[Dataset excerpts]
<<<<

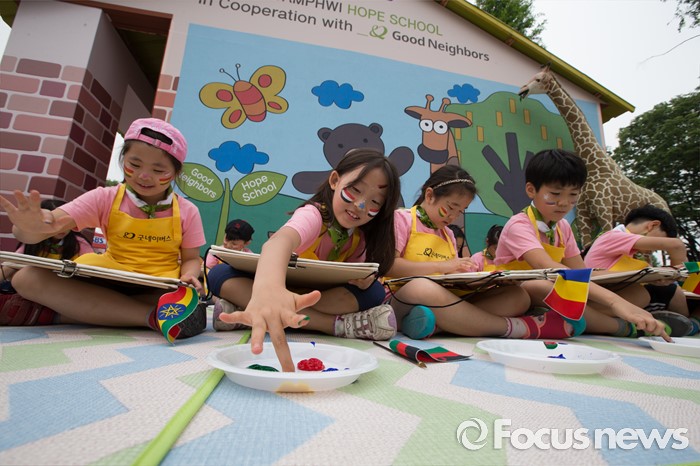 (서울=포커스뉴스) 26일 오전 서울 광진구 어린이대공원에서 열린 굿네이버스 '아프리카 희망학교 체험전'에서 초등학교 학생들이 아프리카에 보낼 가방에 그림을 그리고 있다.
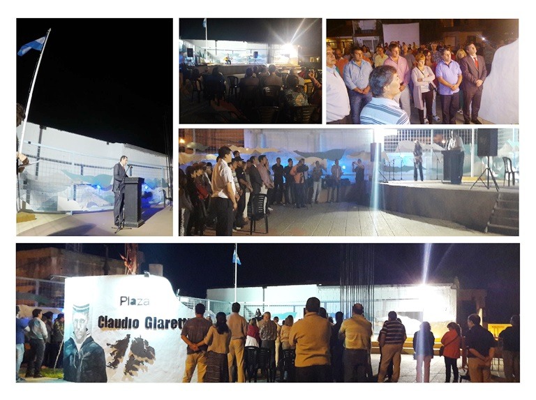 A las 00:00 hs del 2 de abril se entonaron las estrofas del Himno Nacional Argentino. Con mucha atención y emoción se escucharon las palabras del ex combatiente Daniel Chiarla, de Mauricio Giaretti, uno de los hermanos de Claudio, y del Sr. Intendente Dr. Pablo Verdecchia quien dijo: “Hablar de Malvinas es hablar de una parte de la historia que aún no ha cerrado, es hablar de simbolismo y sentimiento nacional, más allá de un archipiélago es, por sobre todas las cosas, hablar de identidad argentina… Porque Malvinas es sentir, es dolor. Malvinas es Memoria. Es reafirmar nuestra identidad nacional, es pensar en el otro, en quien puso su cuerpo y su coraje para defendernos del enemigo, es honrar a quienes dejaron todo allá sobre las islas. Malvinas es también esperanza y aprendizaje…”
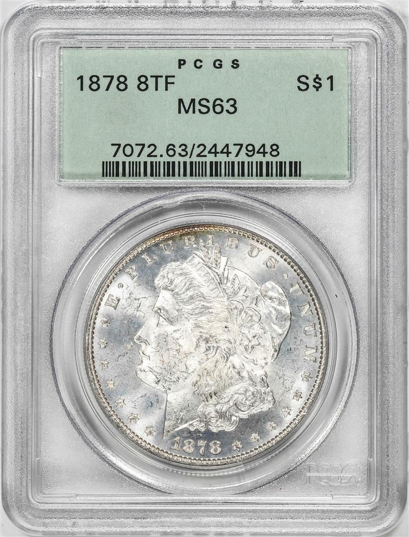 1878 8TF $1 Morgan Silver Dollar Coin PCGS MS63 Old Green Holder
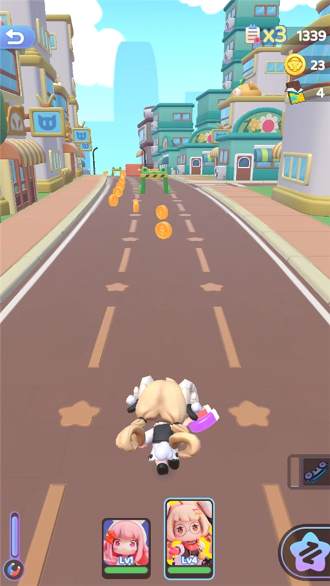 8、点击界面上的“go”即可进入正常跑酷模式,玩家能切换3个不同角色参与跑酷,且每个角色的技能都各有差异。
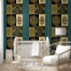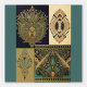 Eine Collage von künstlerischen, Jugendstil-Drucken von Christopher Dresser. Eine Mischung aus Kunst und Kunsthandwerk , Viktorianischen und Jugendstil-Textildrucken. Kühl und elegant. In den Farben Schwarz, Gold und Grün / aquamarin. Dieses Bild ist öffentlich und stammt von Wikimedia-Commons.
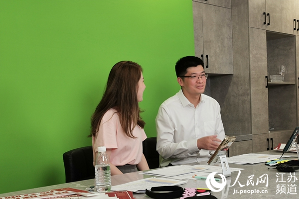 鼓樓區(qū)委常委、副區(qū)長郁健在直播間為鼓樓“打call”。人民網(wǎng) 馬曉波攝
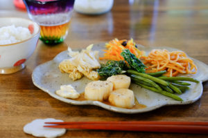 ホタテのバター焼きがメインの、ワンプレートディナー
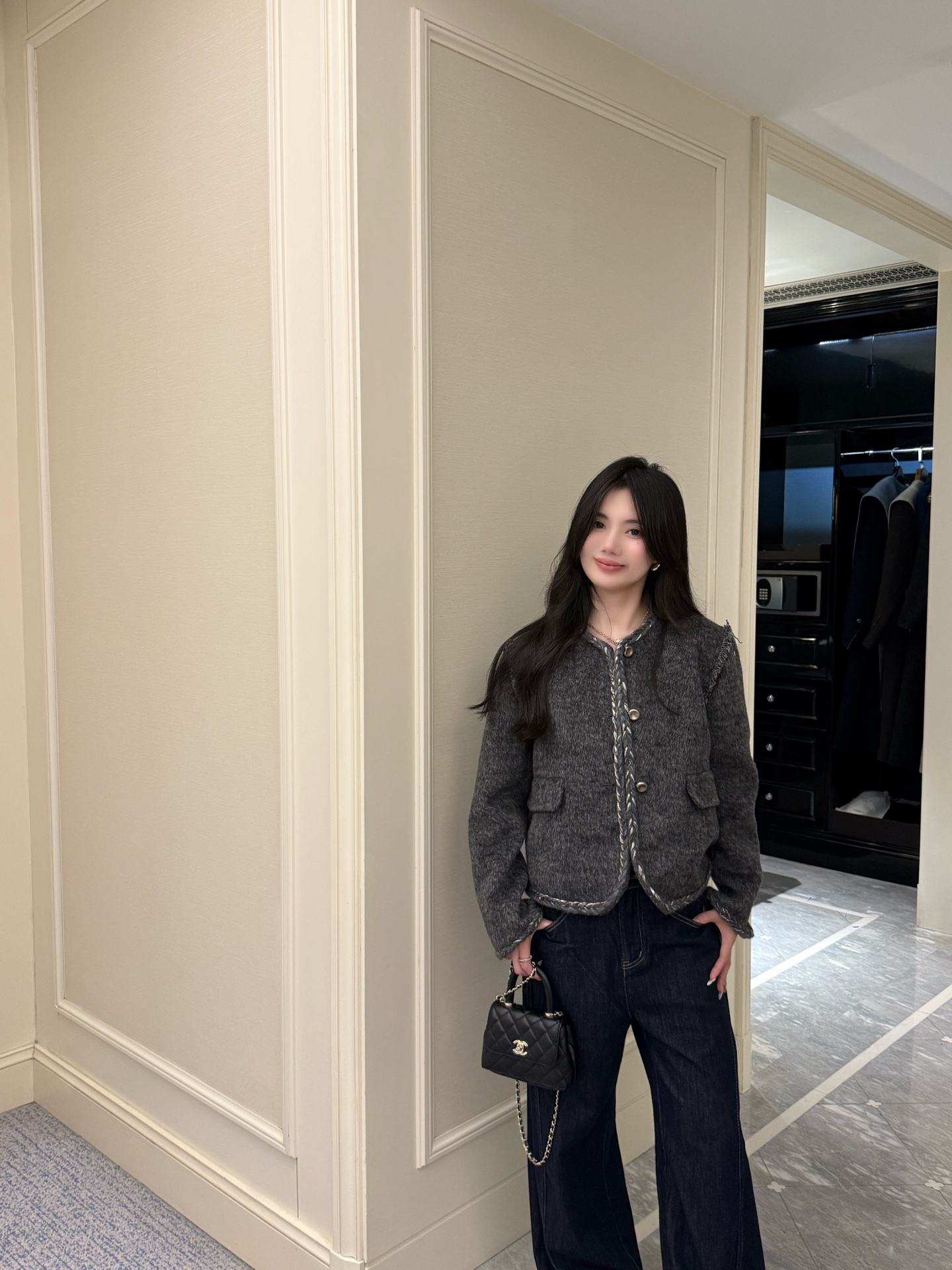 这款衣服是AAAAA 1:1 质量 (非常棒). 使用了和原版一模一样的材料. 商标部分也保持了和香奈儿/Chanel一样. 图片拍摄是实物衣服拍摄, 您所收到的实物保证和我们图片一模一样.
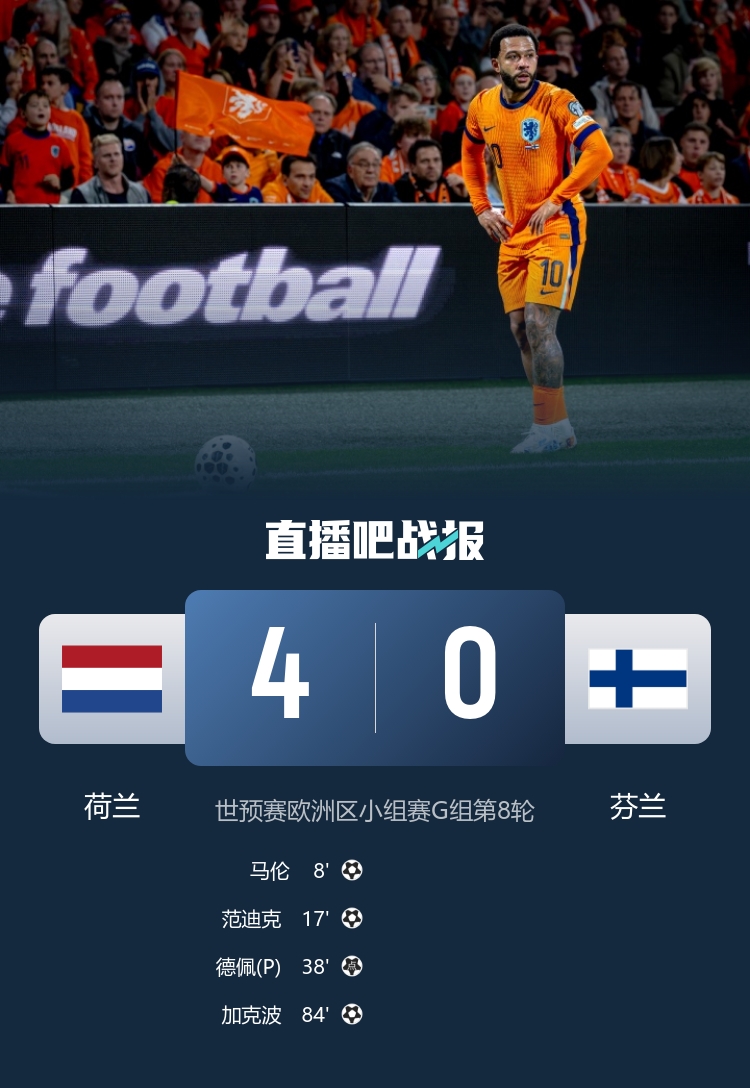 北京時間10月13日零點,世預賽歐洲區G組第8輪激戰在約翰克魯伊夫競技場打響,荷蘭隊迎戰芬蘭隊。比賽中,荷蘭展現了強大的攻擊力,以4-0的完美成績收獲勝利,繼續領先小組,保持著5勝1平的不敗紀錄。

>>>>

## Exercise prompt
Without the images, write out all of the records exactly.

## Result of the exercise
 (서울=포커스뉴스) 26일 오전 서울 광진구 어린이대공원에서 열린 굿네이버스 '아프리카 희망학교 체험전'에서 초등학교 학생들이 아프리카에 보낼 가방에 그림을 그리고 있다.
 A las 00:00 hs del 2 de abril se entonaron las estrofas del Himno Nacional Argentino. Con mucha atención y emoción se escucharon las palabras del ex combatiente Daniel Chiarla, de Mauricio Giaretti, uno de los hermanos de Claudio, y del Sr. Intendente Dr. Pablo Verdecchia quien dijo: “Hablar de Malvinas es hablar de una parte de la historia que aún no ha cerrado, es hablar de simbolismo y sentimiento nacional, más allá de un archipiélago es, por sobre todas las cosas, hablar de identidad argentina… Porque Malvinas es sentir, es dolor. Malvinas es Memoria. Es reafirmar nuestra identidad nacional, es pensar en el otro, en quien puso su cuerpo y su coraje para defendernos del enemigo, es honrar a quienes dejaron todo allá sobre las islas. Malvinas es también esperanza y aprendizaje…”
 1878 8TF $1 Morgan Silver Dollar Coin PCGS MS63 Old Green Holder
 8、点击界面上的“go”即可进入正常跑酷模式,玩家能切换3个不同角色参与跑酷,且每个角色的技能都各有差异。
 Eine Collage von künstlerischen, Jugendstil-Drucken von Christopher Dresser. Eine Mischung aus Kunst und Kunsthandwerk , Viktorianischen und Jugendstil-Textildrucken. Kühl und elegant. In den Farben Schwarz, Gold und Grün / aquamarin. Dieses Bild ist öffentlich und stammt von Wikimedia-Commons.
 鼓樓區(qū)委常委、副區(qū)長郁健在直播間為鼓樓“打call”。人民網(wǎng) 馬曉波攝
 ホタテのバター焼きがメインの、ワンプレートディナー
 这款衣服是AAAAA 1:1 质量 (非常棒). 使用了和原版一模一样的材料. 商标部分也保持了和香奈儿/Chanel一样. 图片拍摄是实物衣服拍摄, 您所收到的实物保证和我们图片一模一样.
 北京時間10月13日零點,世預賽歐洲區G組第8輪激戰在約翰克魯伊夫競技場打響,荷蘭隊迎戰芬蘭隊。比賽中,荷蘭展現了強大的攻擊力,以4-0的完美成績收獲勝利,繼續領先小組,保持著5勝1平的不敗紀錄。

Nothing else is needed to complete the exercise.